Tuesday, 11 December 2007

My New Sufjan Stevens CD

2007 has been the first year in a while without a new Sufjan Stevens CD release, and it's been tough! After Avalanche and Songs for Christmas in 2006 I guess we've been spoilt.

However, trawling the internet for anything Sufjan, soon reveals a varied bag of out-takes, B-sides, orphans, one-offs, tribute songs etc. I reckon I've collected most of them by now, but I'd be deluding myself and others if I claimed they were all fantastic. Oh no, they're not all great by any means, but some of these neglected tracks are really good - too good to remain internet curiosities. They deserve better... they deserve to be enjoyed on your CD player.

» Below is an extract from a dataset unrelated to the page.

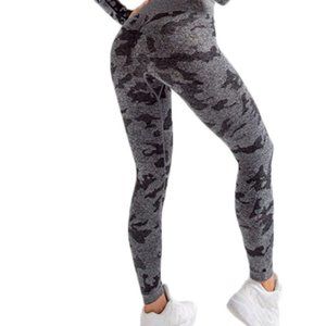 Camo design seamless yoga leggings. High rise, tummy control, squat proof. Moisture wicking fabric 87% Nylon 13% Spandex

So I decided to take matters into my own hands by making my own 'new' Sufjan CD. After discarding some grungy and glitchy tracks like The First Full Moon and All Delighted People, as well as some live oddities like Sufjan's own Star Spangled Banner, I'm left with a collection of acoustic bluesy numbers of surprisingly high production quality.

I'm not sure about the origins of all the tracks although most have the hallmarks of the Michigan or Seven Swans sessions. If you love The Avalanche then you won't need any further convincing about the worth of Sufjan's out-takes. If you prefer Seven Swans to the state CDs this will be right up your street.

So here's the running order of the 39 minute CD, which I've called:

Wolverine, and other cruelly neglected songs by Sufjan Stevens.

1. I Went Dancing With My Sister
2. Wolverine
3. Damascus
4. I Can't Even Lift My Head
5. Waste Of What Your Kids Won't Have
6. Opie's Funeral Song
7. Far Physician's Son
8. Borderline
9. The Lord God Bird
10. Variations On Commemorative Transfiguration And Communion At Magruder Park
11. Woman At The Well

Disclaimer: This is not an official Sufjan Stevens CD. It's not even an unofficial one. It's just my idea of a CD that could exist.